▸ Task item: Lines to return, exactly: from the line with "pontos brancos texturizados." to the line with "Incluye: 1 caja" in the entries below, both included.

▸ The records:
++++
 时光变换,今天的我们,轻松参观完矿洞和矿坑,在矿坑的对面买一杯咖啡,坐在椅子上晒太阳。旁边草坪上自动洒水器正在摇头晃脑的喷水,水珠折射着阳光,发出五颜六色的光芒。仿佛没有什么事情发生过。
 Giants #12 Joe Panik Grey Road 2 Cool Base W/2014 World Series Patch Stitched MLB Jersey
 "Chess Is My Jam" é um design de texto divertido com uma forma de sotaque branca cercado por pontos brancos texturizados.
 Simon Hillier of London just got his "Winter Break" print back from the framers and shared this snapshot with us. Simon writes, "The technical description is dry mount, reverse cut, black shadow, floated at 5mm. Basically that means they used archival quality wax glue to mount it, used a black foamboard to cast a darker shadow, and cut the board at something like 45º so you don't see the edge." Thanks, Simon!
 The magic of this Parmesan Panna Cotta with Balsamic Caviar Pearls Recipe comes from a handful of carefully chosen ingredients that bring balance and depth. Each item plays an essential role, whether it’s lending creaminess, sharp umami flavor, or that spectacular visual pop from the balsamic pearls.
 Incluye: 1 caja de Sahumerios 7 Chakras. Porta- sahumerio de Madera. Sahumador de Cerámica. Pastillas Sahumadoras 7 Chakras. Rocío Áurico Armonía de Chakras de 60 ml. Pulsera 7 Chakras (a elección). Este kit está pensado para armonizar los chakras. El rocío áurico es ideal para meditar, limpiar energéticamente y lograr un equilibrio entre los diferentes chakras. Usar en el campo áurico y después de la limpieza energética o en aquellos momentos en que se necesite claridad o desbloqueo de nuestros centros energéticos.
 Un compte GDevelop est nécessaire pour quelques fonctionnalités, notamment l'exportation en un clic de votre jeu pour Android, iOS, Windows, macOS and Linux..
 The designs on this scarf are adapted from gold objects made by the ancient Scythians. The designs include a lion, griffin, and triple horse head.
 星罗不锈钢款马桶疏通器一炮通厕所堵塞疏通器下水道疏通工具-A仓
++++
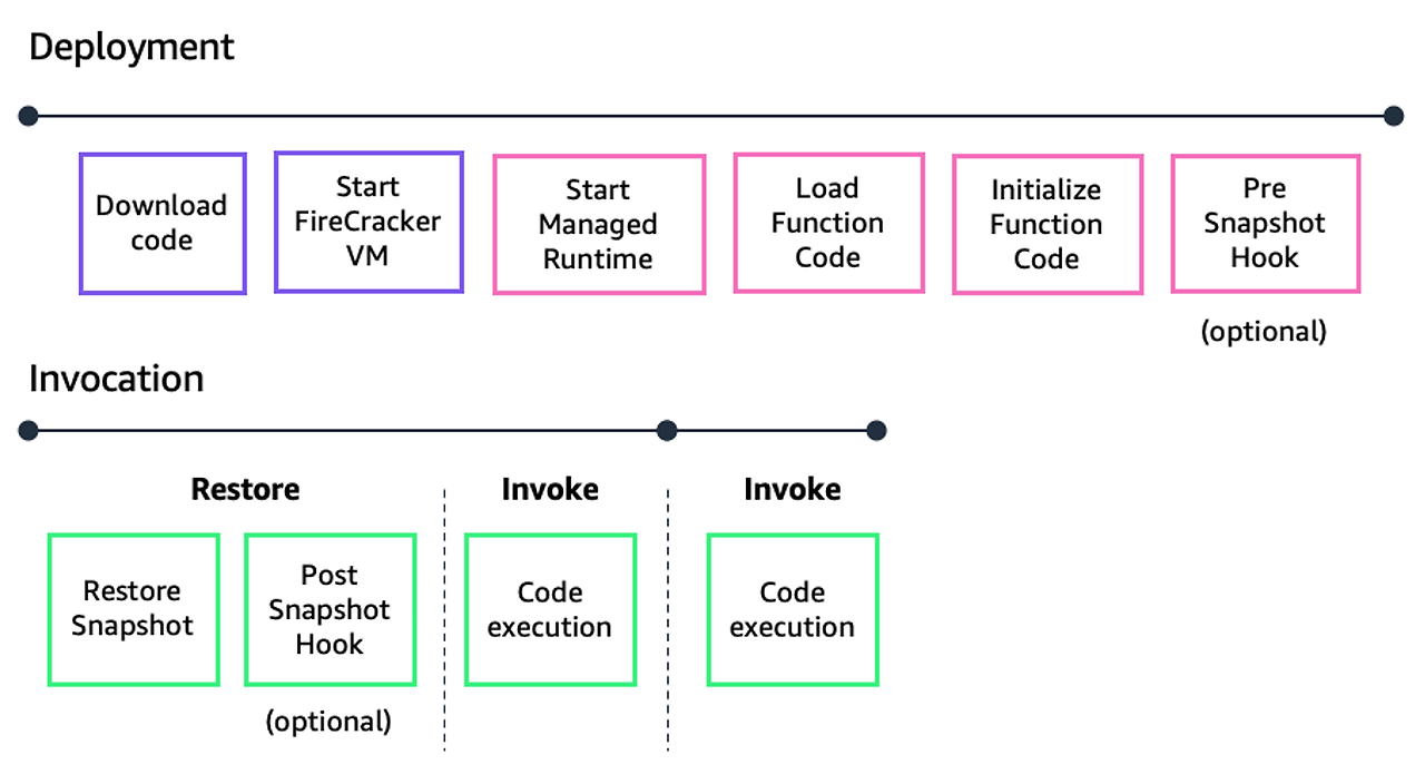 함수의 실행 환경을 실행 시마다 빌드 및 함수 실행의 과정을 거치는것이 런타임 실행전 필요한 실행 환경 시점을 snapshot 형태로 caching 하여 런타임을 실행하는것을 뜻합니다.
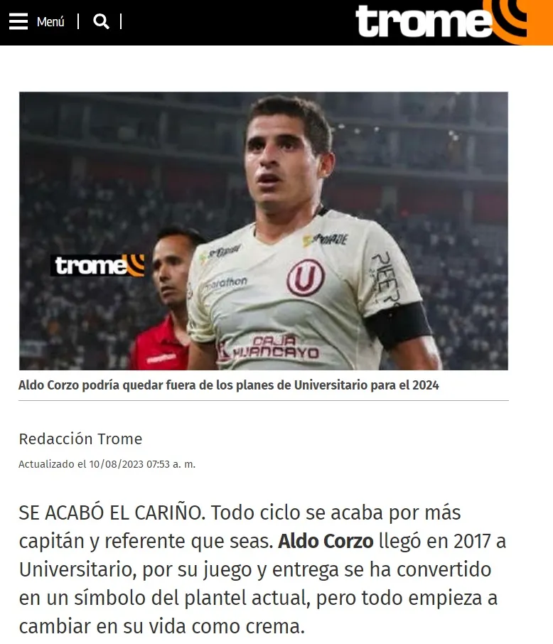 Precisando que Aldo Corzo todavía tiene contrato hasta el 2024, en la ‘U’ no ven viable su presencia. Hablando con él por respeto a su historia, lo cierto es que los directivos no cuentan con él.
++++
▸ Result for this task:
 "Chess Is My Jam" é um design de texto divertido com uma forma de sotaque branca cercado por pontos brancos texturizados.
 Simon Hillier of London just got his "Winter Break" print back from the framers and shared this snapshot with us. Simon writes, "The technical description is dry mount, reverse cut, black shadow, floated at 5mm. Basically that means they used archival quality wax glue to mount it, used a black foamboard to cast a darker shadow, and cut the board at something like 45º so you don't see the edge." Thanks, Simon!
 The magic of this Parmesan Panna Cotta with Balsamic Caviar Pearls Recipe comes from a handful of carefully chosen ingredients that bring balance and depth. Each item plays an essential role, whether it’s lending creaminess, sharp umami flavor, or that spectacular visual pop from the balsamic pearls.
 Incluye: 1 caja de Sahumerios 7 Chakras. Porta- sahumerio de Madera. Sahumador de Cerámica. Pastillas Sahumadoras 7 Chakras. Rocío Áurico Armonía de Chakras de 60 ml. Pulsera 7 Chakras (a elección). Este kit está pensado para armonizar los chakras. El rocío áurico es ideal para meditar, limpiar energéticamente y lograr un equilibrio entre los diferentes chakras. Usar en el campo áurico y después de la limpieza energética o en aquellos momentos en que se necesite claridad o desbloqueo de nuestros centros energéticos.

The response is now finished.